■ What the exercise asks ■
Line by line, set down the records below from the first line through the line containing "Vielen Dank für". Omit the pictures.

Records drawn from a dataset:
____
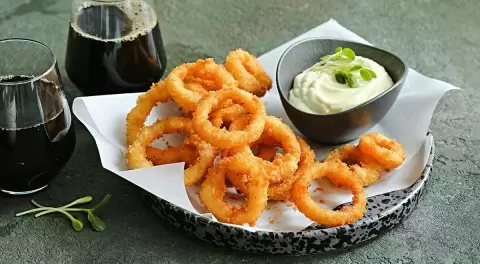 Эти аппетитные кольца можно подавать с вашим любимым соусом или наслаждаться ими в одиночестве. Секрет в том, что они обслуживаются с пикантным васаби-майонезом, что придаст им особую ноту. Луковые кольца идеально подходят для неожиданных гостей или как перекус после долгого дня. Они не только вкусные, но и гораздо дешевле, чем многие другие закуски, такие как обжаренные кальмары.
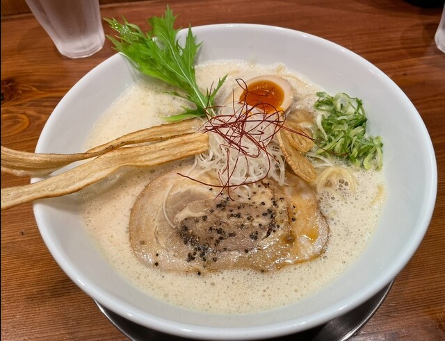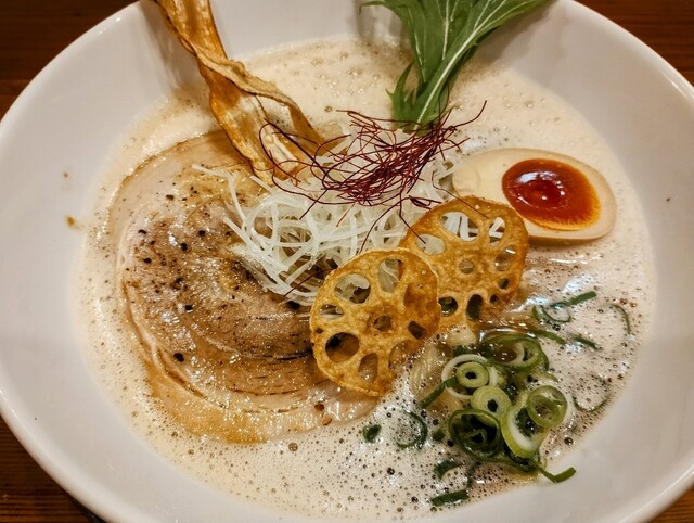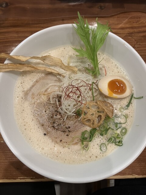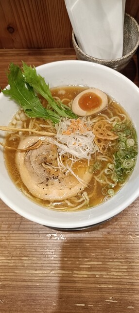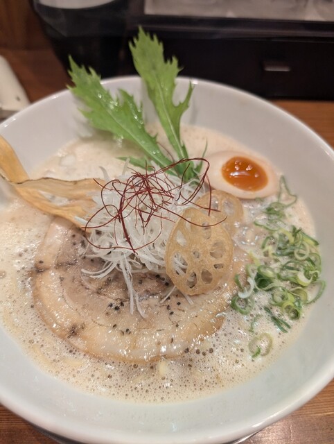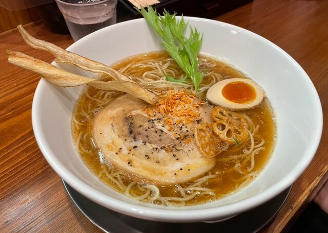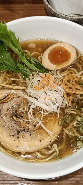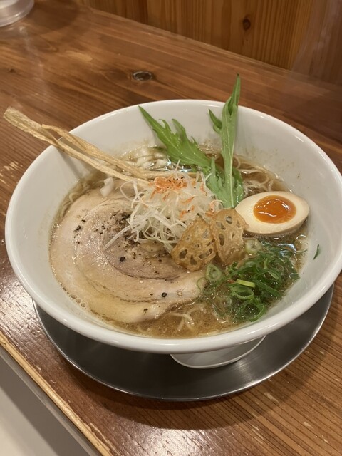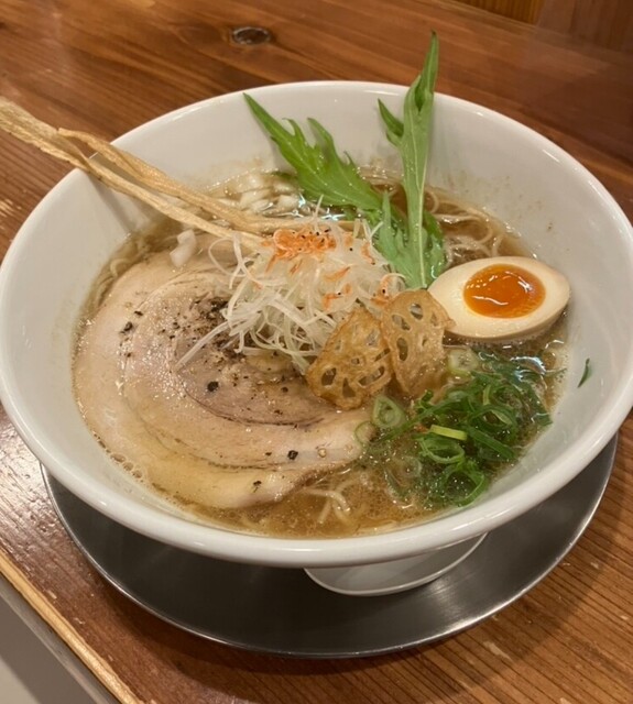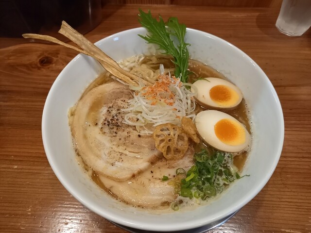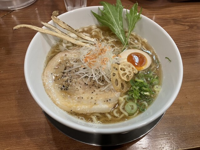 ◎魚だしらぁ麺960円、大盛1000円 チャーシュー1、味玉ハーフ(味が染みてる)、揚げたごぼうスライス、揚げた蓮根スライス、刻みネギ、白髪ネギ、あみえび、みじん切り玉葱、水菜。... 詳細を見る
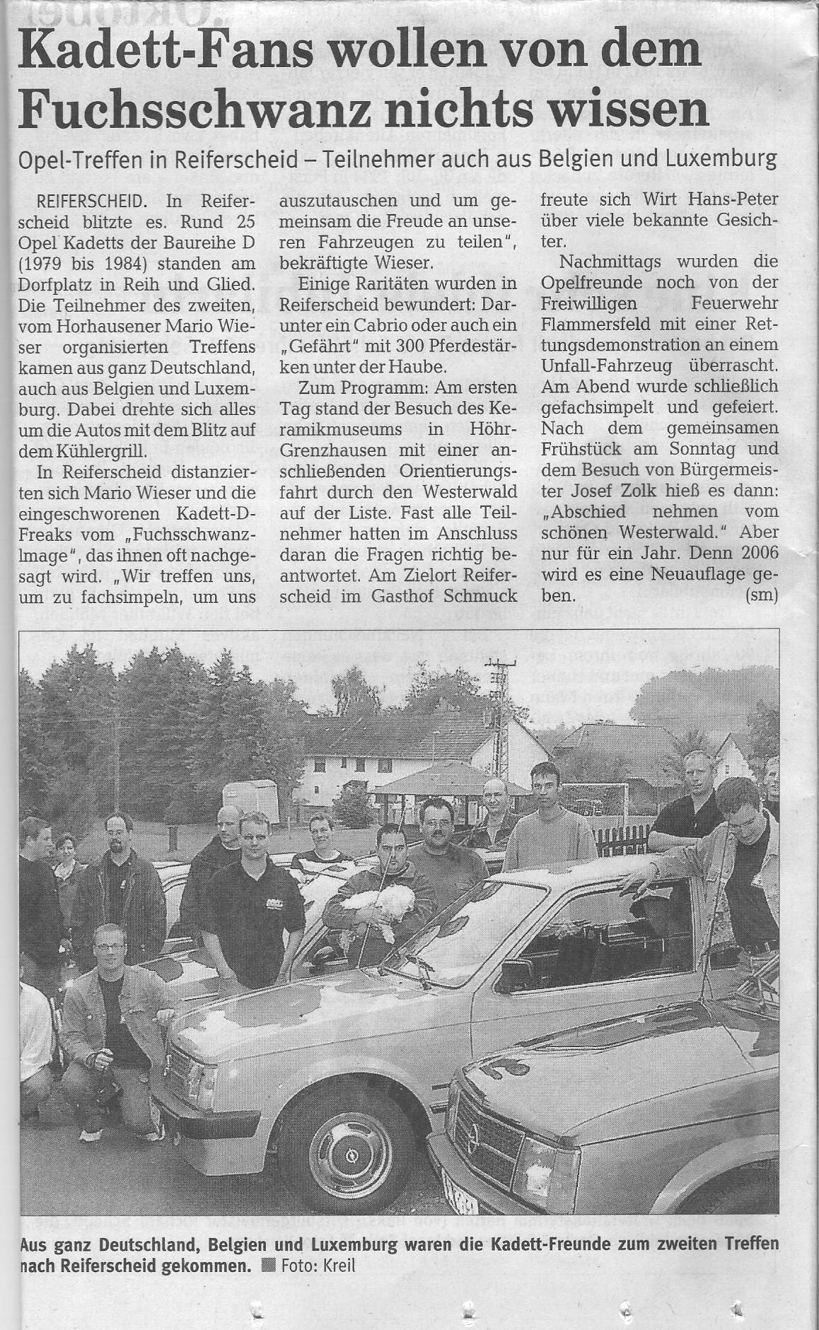 Vielen Dank für die Infos. Wie bereits in der Vergangenheit wird das folgende Kadett D Treffen wieder an dem Wochenende der 33. Kalenderwoche stattfinden. Dieser Termin habe ich bereits an alle möglichen Stellen publiziert, habe mittlerweile 12 Fahrzeuganmeldungen und den Termin jetzt auf Verdacht rückgängig zu machen, weil irgendwo im Bundesgebiet ein anderes Treffen stattfindet, steht in keinem Verhältnis zum Aufwand.
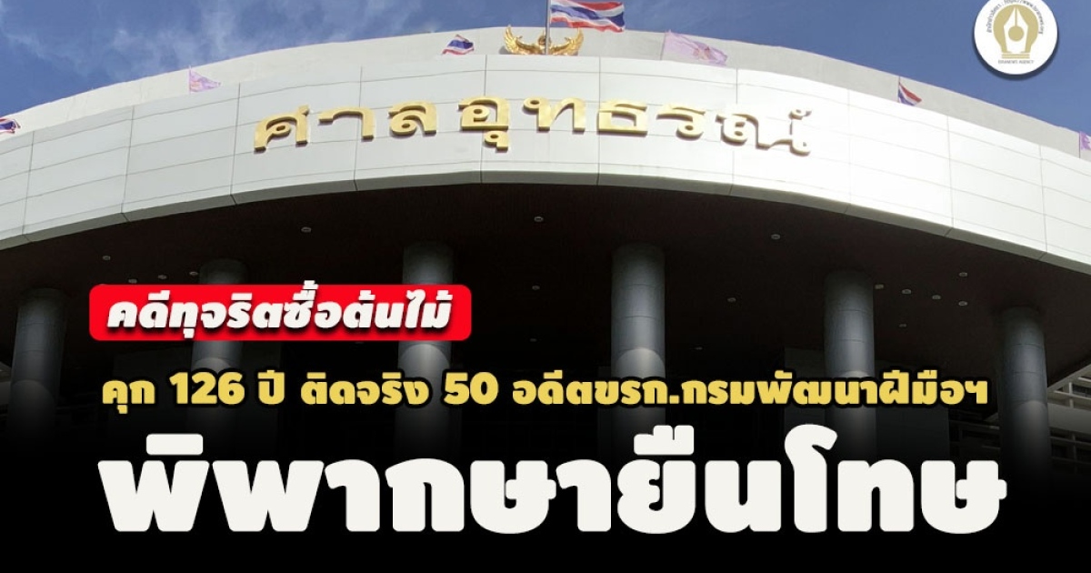 ป.ป.ช. เผยแพร่ความคืบหน้าคดีกล่าวหา 'ชาย บัวเพ็ชร' อดีตนักวิชาการฝึกอาชีพ 5 กรมพัฒนาฝีมือแรงงาน ทุจริตจัดซื้อต้นไม้ ปี 42 -45 จำนวน 69 ครั้ง ล่าสุด ศาลอุทธรณ์ พิพากษายืนโทษ คุก 126 ปี แต่โดนจริง 50 ปี - หุ้นส่วนผู้จัดการ หจก. อยู่สุขก่อสร้าง โดน 8 ปี
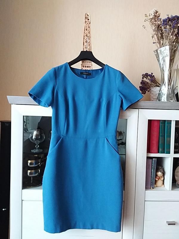 Класична блакитна сукня, що підкреслює фігуру. Розмір вказано XS. Стан відмінний.Довжина 86см= 36верх+50низ,довж.рукава від плеч шва 14,5см, ПОГ 42-43см,ПОТ 36см,ПОБ 45см
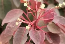 肖黄栌,紫锦木为灌木,叶染褐红色,作为观叶植物极似漆树科黄栌,故名肖黄栌。其实只需折断枝叶见流乳白汁,此乃大戟科许多种类的特征,足以分辨。全部>>
____
■ Output of the task ■
 Эти аппетитные кольца можно подавать с вашим любимым соусом или наслаждаться ими в одиночестве. Секрет в том, что они обслуживаются с пикантным васаби-майонезом, что придаст им особую ноту. Луковые кольца идеально подходят для неожиданных гостей или как перекус после долгого дня. Они не только вкусные, но и гораздо дешевле, чем многие другие закуски, такие как обжаренные кальмары.
 ◎魚だしらぁ麺960円、大盛1000円 チャーシュー1、味玉ハーフ(味が染みてる)、揚げたごぼうスライス、揚げた蓮根スライス、刻みネギ、白髪ネギ、あみえび、みじん切り玉葱、水菜。... 詳細を見る
 Vielen Dank für die Infos. Wie bereits in der Vergangenheit wird das folgende Kadett D Treffen wieder an dem Wochenende der 33. Kalenderwoche stattfinden. Dieser Termin habe ich bereits an alle möglichen Stellen publiziert, habe mittlerweile 12 Fahrzeuganmeldungen und den Termin jetzt auf Verdacht rückgängig zu machen, weil irgendwo im Bundesgebiet ein anderes Treffen stattfindet, steht in keinem Verhältnis zum Aufwand.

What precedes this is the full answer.